** Opening Records shown block **
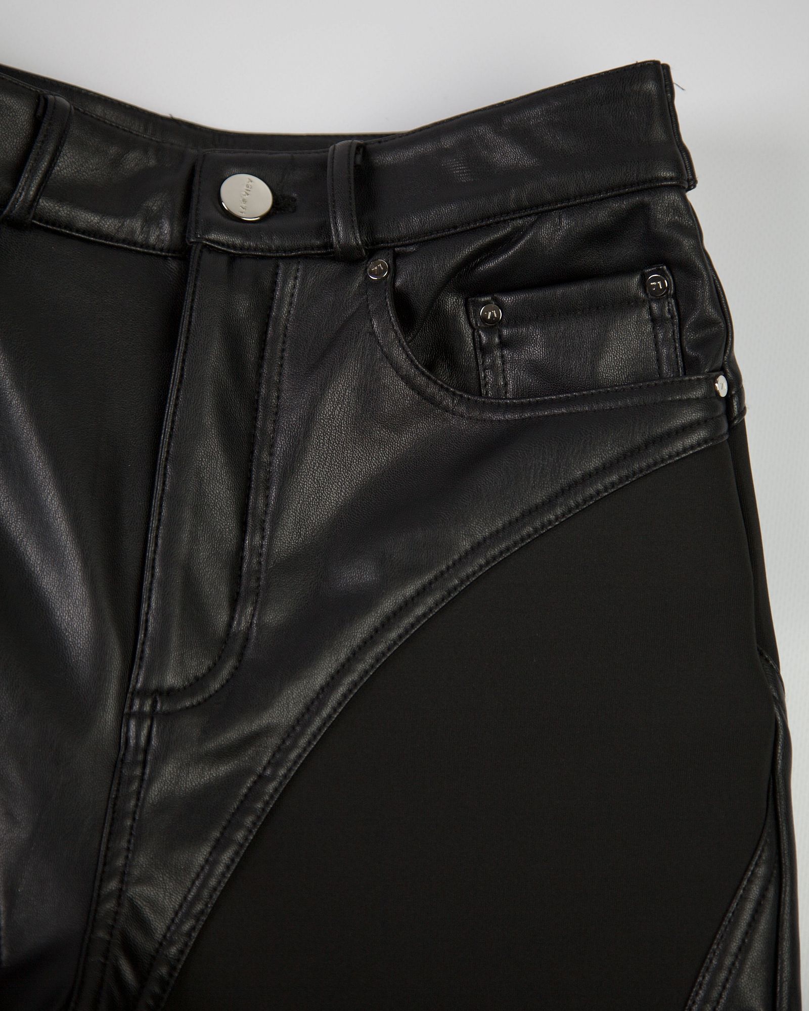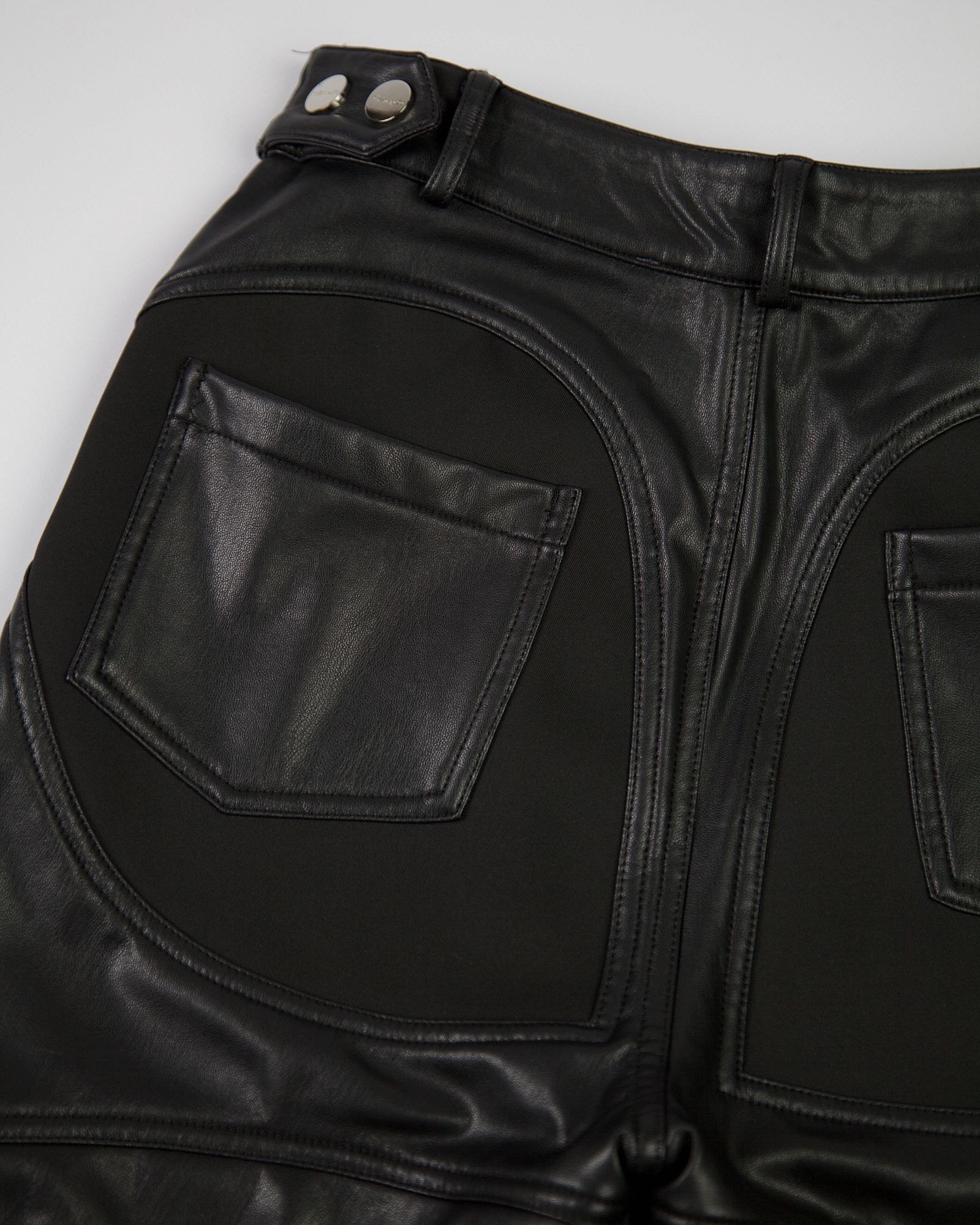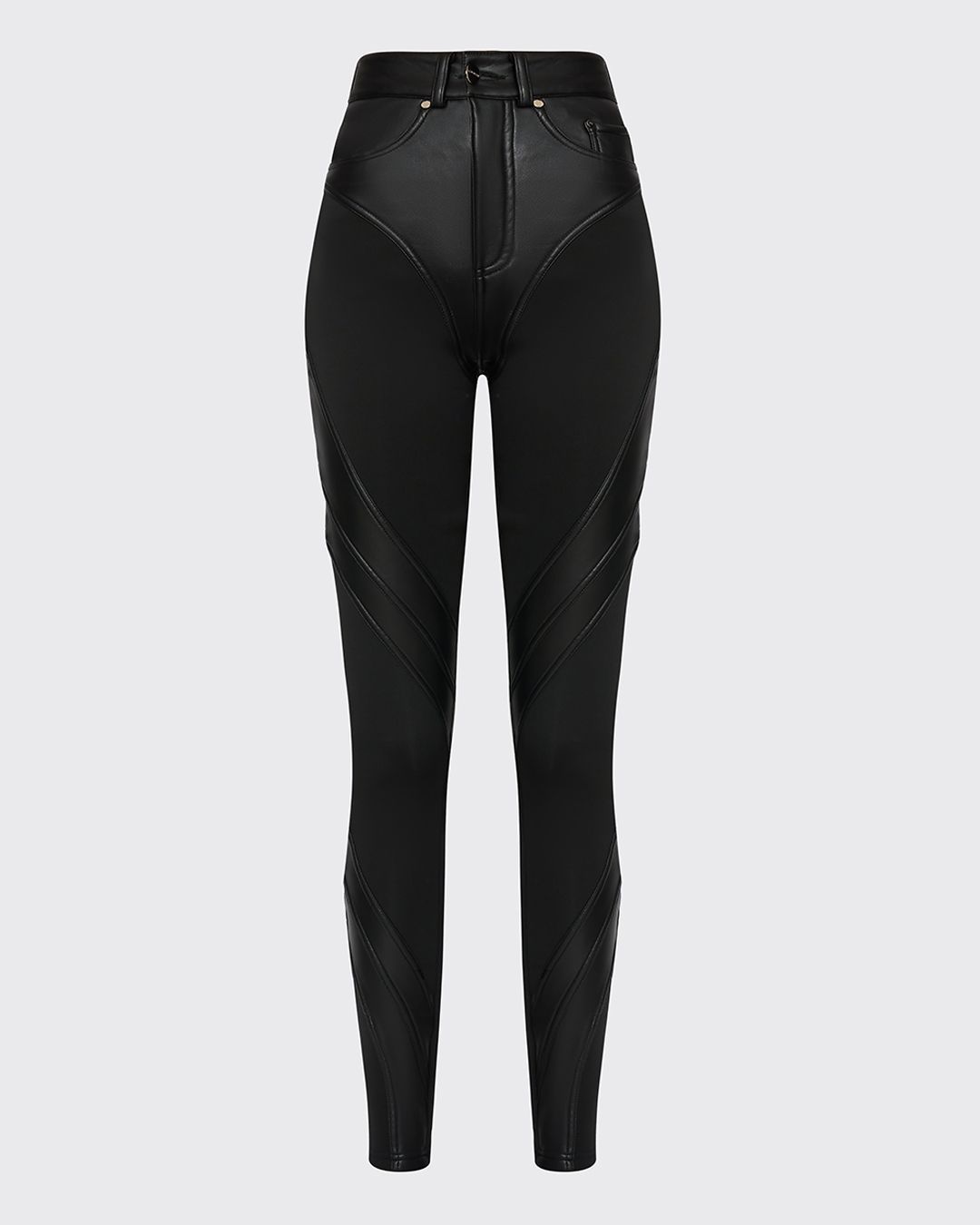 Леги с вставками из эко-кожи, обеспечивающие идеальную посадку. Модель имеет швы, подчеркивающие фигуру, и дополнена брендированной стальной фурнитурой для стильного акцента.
** Closing Records shown block **
** Opening Records shown block **
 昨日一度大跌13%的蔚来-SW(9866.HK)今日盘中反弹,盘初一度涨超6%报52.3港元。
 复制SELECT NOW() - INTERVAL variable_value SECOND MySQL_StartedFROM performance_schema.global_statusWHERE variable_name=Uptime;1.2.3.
** Closing Records shown block **
#### Task instructions:
Retype exactly, and only, the lines above from the one where "昨日一度大跌13%的蔚来-S" occurs up to and including the one where "复制SELECT NOW() - INTERVAL" occurs.

#### Answer to the exercise:
 昨日一度大跌13%的蔚来-SW(9866.HK)今日盘中反弹,盘初一度涨超6%报52.3港元。
 复制SELECT NOW() - INTERVAL variable_value SECOND MySQL_StartedFROM performance_schema.global_statusWHERE variable_name=Uptime;1.2.3.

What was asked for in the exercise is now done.